Más allá del hartazgo general, concentrar la expresión de la política en la disputa en dos bloques altamente polarizados corre el riesgo, a la larga, de provocar una crisis orgánica de la democracia. En esta exhausta carrera por el poder, parece que la ciudadanía decide mucho, pero, en realidad, cada vez decide menos. Paradójicamente, esta forma de gestionar el conflicto en política deja poco espacio para procesos deliberativos más de fondo y esto incluye también a los parlamentos. Los Ejecutivos recurren con más frecuencia a legislar a golpe de decreto no sólo porque el proceso sea más ágil; también porque es la forma de puentear unos parlamentos abocados a escenificar el desencuentro. Es más un síntoma que una causa de la dificultad para consensuar reformas y repercute a la larga en la calidad democrática sencillamente porque eclipsa los tiempos normales de la política.
Sería necesario, entonces, preservar algunos temas importantes de la crispación, reforzar los pactos y asegurar ciertos consensos. ¿Es esto lo que propone ahora Feijóo? Parece, pero con mucha trampa. Si los pactos son una estrategia para alcanzar una improbable mayoría, es más de lo mismo.
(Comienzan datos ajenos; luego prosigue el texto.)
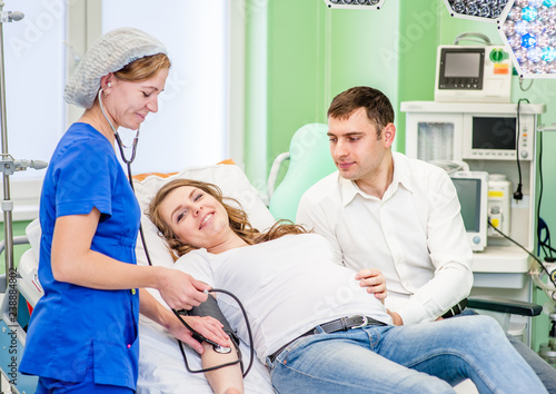 Nurse measuring pressure of pregnant woman. Husband supports pregnant wife for examination

A su propuesta le precede una campaña dirigida a torpedearlo todo y especialmente la legitimidad de la coalición de este Gobierno. Pactemos para que mande yo, sería más o menos. No parece que haya observado con detenimiento el perímetro en el que se mueve, entre otras cosas porque para que los pactos sean de Estado primero tendrá que reconocer su realidad plurinacional.
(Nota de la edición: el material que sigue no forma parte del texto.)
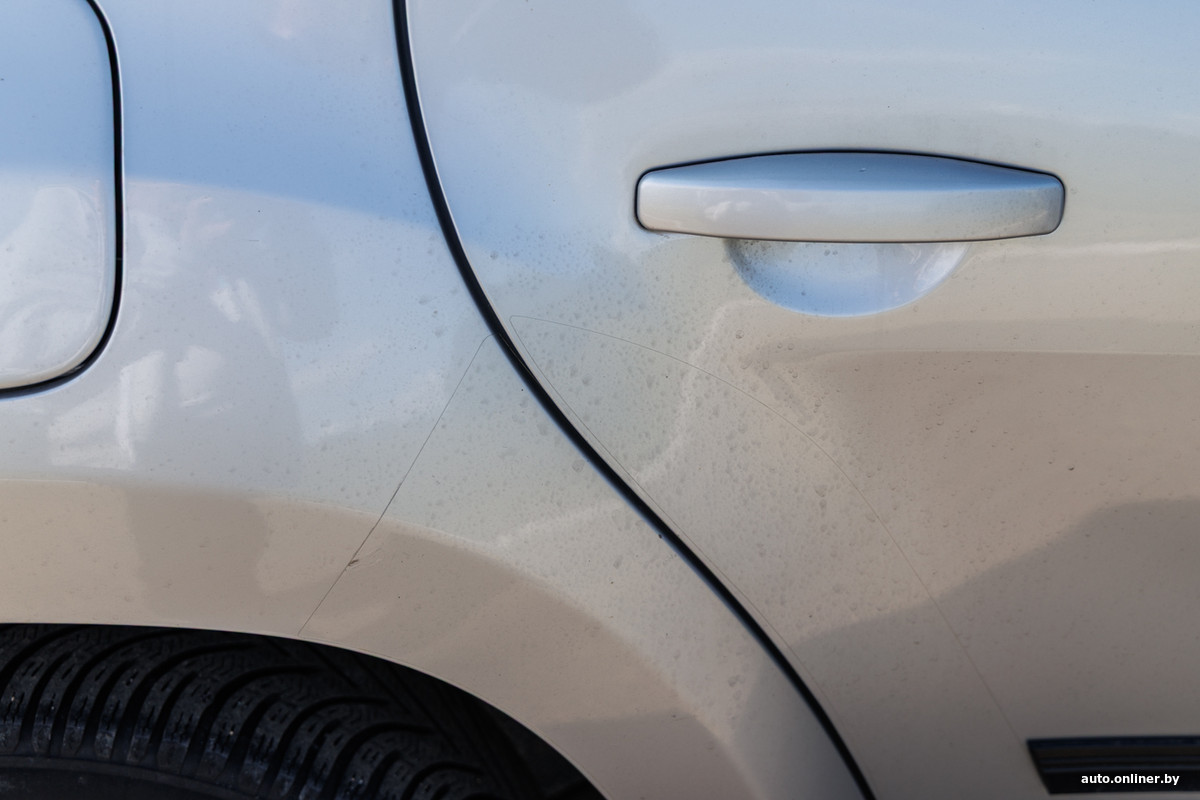 На задние крылья нанесена пленка — она была уже при покупке. Со своей задачей защита справляется, сколов краски на выступающих задних арках нет. Видно, что владелец следит за автомобилем, и тот отвечает на эту заботу примерным поведением.

En cualquier caso, y para hacer justicia, a la politización de temas que hasta ahora quedaban resguardados del ruido electoral, sacrificando el interés general por el partidista, han jugado todos. La violencia de género entró en campaña mucho antes de que se anunciaran elecciones y es un claro ejemplo de un consenso reciente y relativamente estable (la ley de 2004 del Gobierno de Zapatero y el pacto de Estado posterior los aprobaron todos los partidos políticos) que salta por los aires a partir de 2021. El consenso en torno a las pensiones sellado con el Pacto de Toledo de 1995 también se rompe por vez primera en estas elecciones. El PSOE ha criticado al PP la no revalorización de las pensiones en unos años en los que la austeridad impuesta por Bruselas dejaba escaso margen. Por otra parte, la última reforma de las pensiones no resuelve el problema de la sostenibilidad del sistema a largo plazo, pero, a juzgar por la crisis institucional y política que ha provocado en Francia la reforma del presidente Macron, el mérito de conseguir la aprobación de los principales agentes sociales, de Bruselas y de la calle, no es menor. El ingreso mínimo vital, aprobado en plena pandemia como la principal política antipobreza de ámbito estatal, también contó con los votos a favor de todos los partidos del arco parlamentario, con la única abstención de Vox. Hasta la reforma laboral de Díaz, que estuvo lejos de la unanimidad en el Parlamento, fue fruto de un laborioso acuerdo tripartito para terminar con la gran anomalía europea de la temporalidad del mercado laboral español. Finalmente, el keynesianismo de emergencia activado por el Gobierno español para hacer frente a las dos grandes crisis de los últimos tres años fue avalado, cuando no alentado, por los mismos organismos internacionales que en la crisis anterior provocaron la asfixia fiscal de no pocos países.
Ni uno solo de los problemas que España arrastra en cohesión social los arreglaremos con ocurrencias programáticas de última hora ni con el impulso, decidido pero acotado, de un único Gobierno. Tan importante es llevar la iniciativa legislativa como asegurar su continuidad. Las olas de calor, los incendios y la progresiva desertificación de buena parte del país ni comienzan ni se paran con cada cambio de Gobierno. Necesitamos, como diría Ignatieff, encontrar esos buenos ejemplos que nos permita mantener viva la esperanza porque el destino sólo puede ser común.